Title: Deactivation of cellulases by phenols

item XIMENES, EDUARDO - Purdue University
item KIM, YOUNGMI - Purdue University
item MOSIER, NATHAN - Purdue University
item Dien, Bruce
item LADISCH, MICHAEL - Purdue University

Submitted to: Enzyme and Microbial Technology
Publication Type: Peer Reviewed Journal
Publication Acceptance Date: 9/3/2010
Publication Date: 11/1/2010
Citation: Ximenes, E., Kim, Y., Mosier, N., Dien, B.S., Ladisch, M. 2011. Deactivation of cellulases by phenols. Enzyme and Microbial Technology. 48(1):54-60.

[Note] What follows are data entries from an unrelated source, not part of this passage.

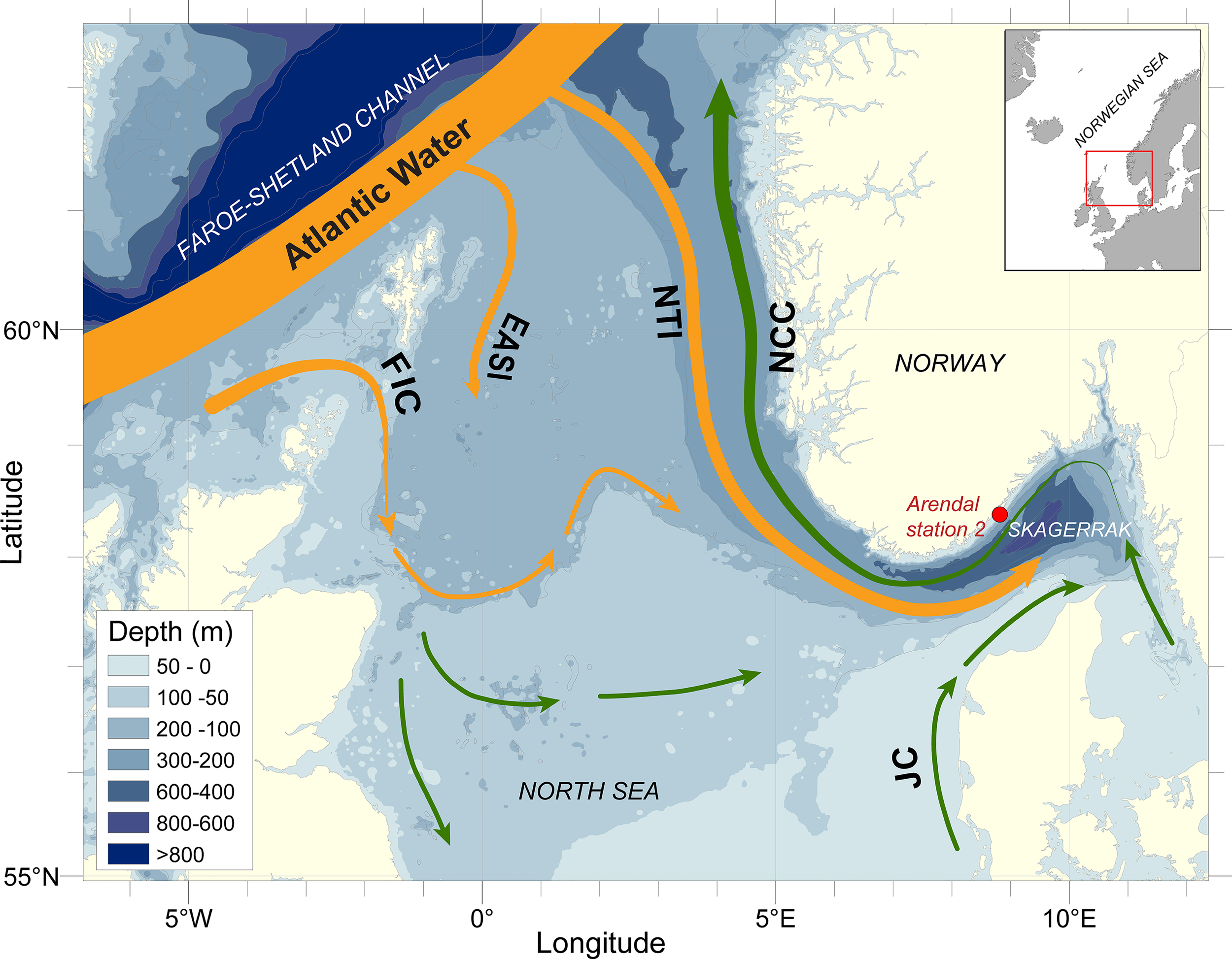 North Sea and Skagerrak with main currents and location of Arendal Station 2 monitoring site. NTI: Norwegian Trench Atlantic Inflow; NCC, Norwegian Coastal Current; ESAI, East Shetland Atlantic Inflow; FIC, Fair Isle Current; JC, Jutland Current. Inset map shows the location of the Skagerrak area relative to adjacent seas.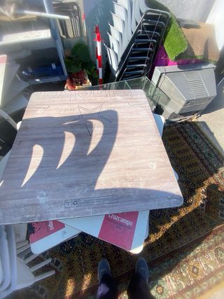 Típica mesa de bar. Se tiene que cambiar la madera de abajo que está podrida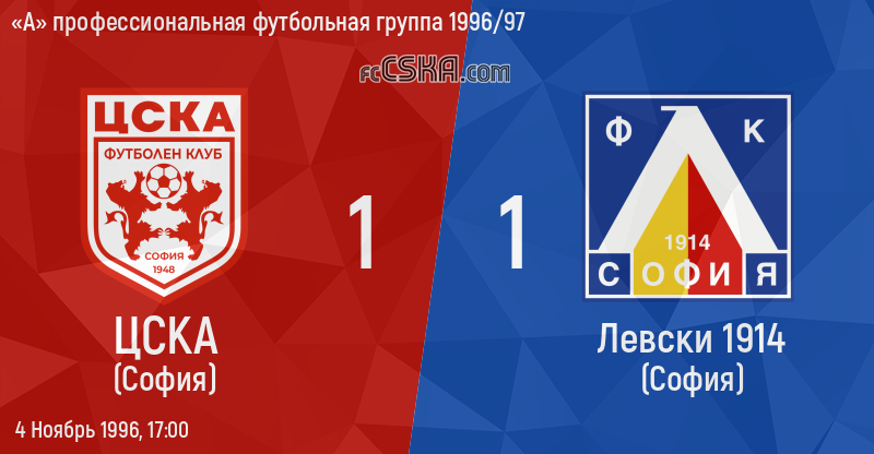 ЦСКА сыграла вничью с фк Левски 1914 (София) со счётом 1:1 в матче «А» профессиональная футбольная группа 1996/97 сыгранный 4 Ноябрь 1996 г. в 17:00 ч. на стадионе „Васил Левски“ в София. за армейцев отличился Димитр Иванов (45′).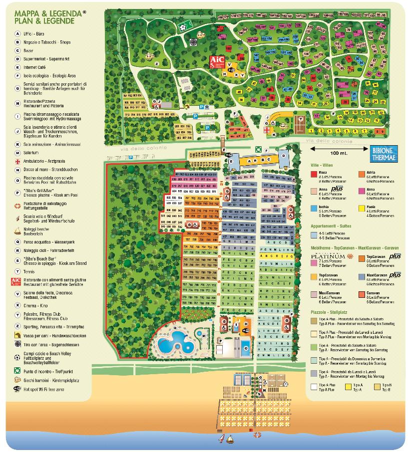 Villaggio Turistico Internazionale bestaat uit 2 delen: stacaravans en kampeerplaatsen in de buurt van het strand. De bungalows daarentegen staan in het andere deel, dat als dorpje is ontworpen met onder andere een gezellig restaurant en een discotheek.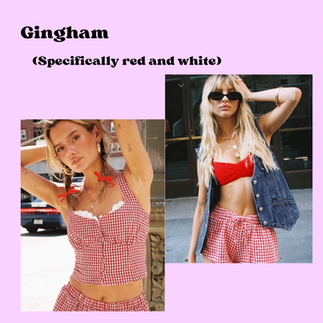 Gingham is definitely geared to a specific auduience. This is probalaly my least favorite trend out of all of these. Very country. Which is another thing we see trending this summer. Gingham anything. Bows, tops, bottoms. Especially red. We saw red was a big summer color last summer and all last season, and it’s still pretty huge.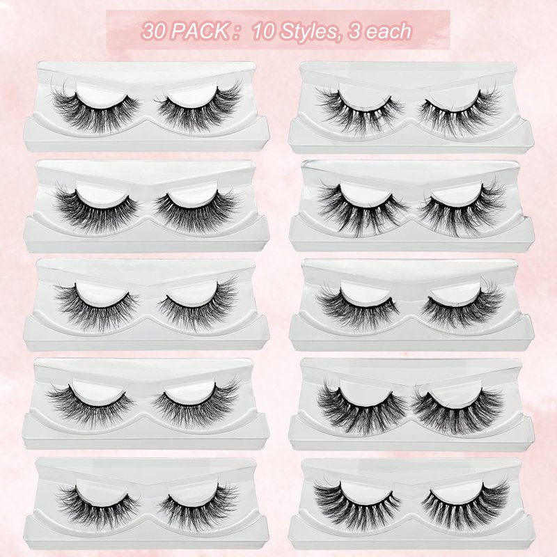 - 【30 Pairs Faux Mink Eyelashes】: Value for money eyelash pack,Dramatic eyelashes make you more attractive, You will be the brightest star in the crowd. Suitable for daily wear, party, festival, photo shoot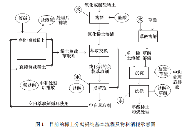 稀土溶液經(jīng)多級萃取洗滌實(shí)現(xiàn)稀土純化。由于稀土原料一般含有除樞,抗外的15個(gè)稀土元素,實(shí)現(xiàn)全分離需要多次重復(fù)上述過程,消耗大量酸堿。典型的中憶富鋪稀土分離酸堿消耗為每噸REOS一8噸鹽酸,2一3噸燒堿,15一20噸水。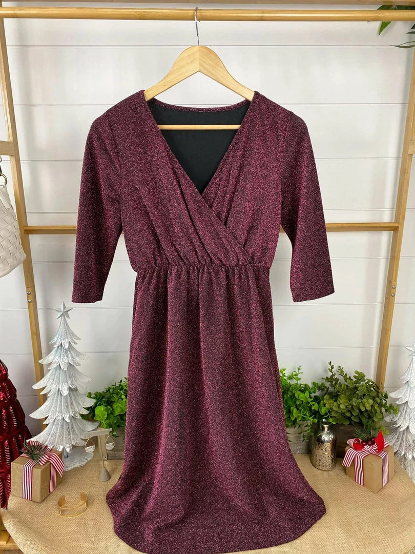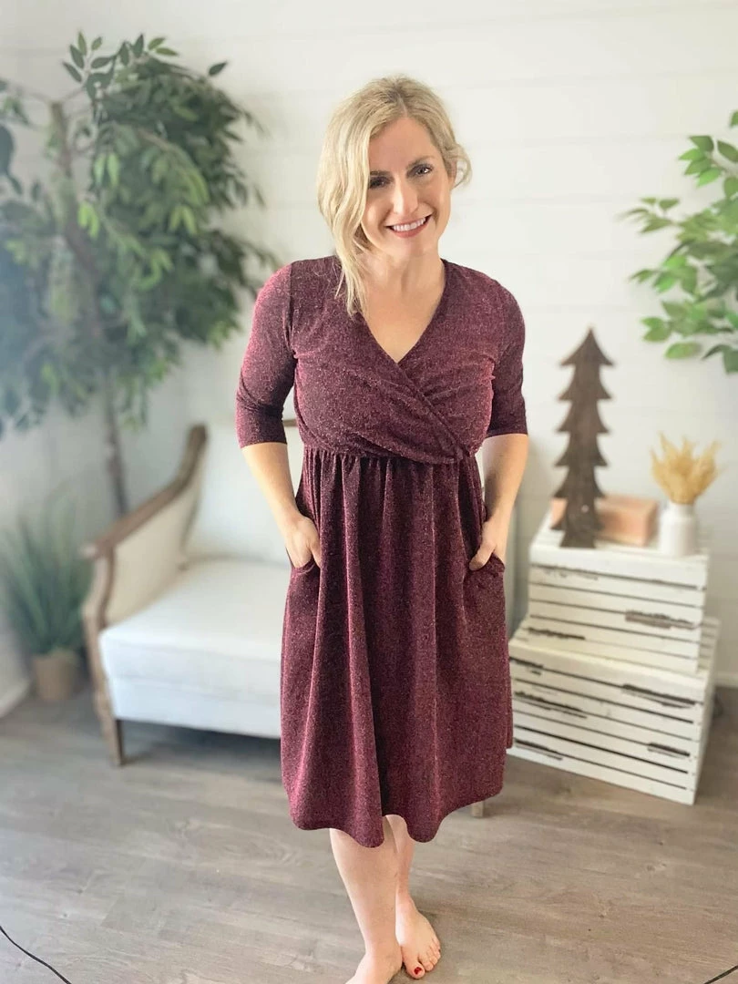 She’s a classic, yet a little flirty. This 3/4 sleeve faux wrap, midi dress is sure to be a favorite for any occasion. New sparkle version that you will be choosing for all your holiday events! Christmas, new years, family photos and more! We are SO in love!

Interpretive Summary: Cellulosic ethanol depends upon the treatment of lignocelluloses with enzymes (e.g., cellulases) to produce sugars for fermentation. Prior to saccharifying the plant biomass with enzymes, a thermo-chemical pretreatment is needed to “loosen” up the plant cell wall matrix. During this pretreatment step, additional chemicals are released from the plant cell wall, including a family of chemicals named phenols. In this study, a group of plant cell wall related phenols were examined for their effect on enzymes used for processing biomass. It was found that many of the compounds inactivated cellulases. Tannic acid was especially troublesome in this regard. It was also found that in the case of one of these enzymes, the amount of inhibition could be greatly reduced by substituting an enzyme from a different type of fungus. Results from this paper will aide researchers in engineering enzymes that work better on actual pretreated biomass, eventually reducing enzyme costs associated with converting biomass into biofuels.

Technical Abstract: Pretreatment of lignocellulosic materials may result in the release of inhibitors and deactivators of cellulose enzyme hydrolysis. We report the identification of phenols with major inhibition and/or deactivation effect on enzymes used for conversion of cellulose to ethanol. The inhibition effects were measured by combining the inhibitors (phenols) with enzyme and substrate immediately at the beginning of the assay. The deactivation effects were determined by pre-incubating phenols with cellulases or beta-glucosidases for specified periods of time, prior to the respective enzyme assays. Tannic, gallic, hydroxy-cinnamic, and 4-hydroxybenzoic acids, together with vanillin caused 20–80% deactivation of cellulases and/or beta-glucosidases after 24 h of pre-incubation while enzymes pre-incubated in buffer alone retained all of their activity. The strength of the inhibition or deactivation effect depended on the type of enzyme, the microorganism from which the enzyme was derived, and the type of phenolic compounds present. Beta-glucosidase from Aspergillus niger was the most resistant to inhibition and deactivation, requiring about 5 and 10-fold higher concentrations, respectively, for the same levels of inhibition or deactivation as observed for enzymes from Trichoderma reesei. Of the phenol molecules tested, tannic acid was the single, most damaging aromatic compound that caused both deactivation and reversible loss (inhibition) of all of enzyme activities tested.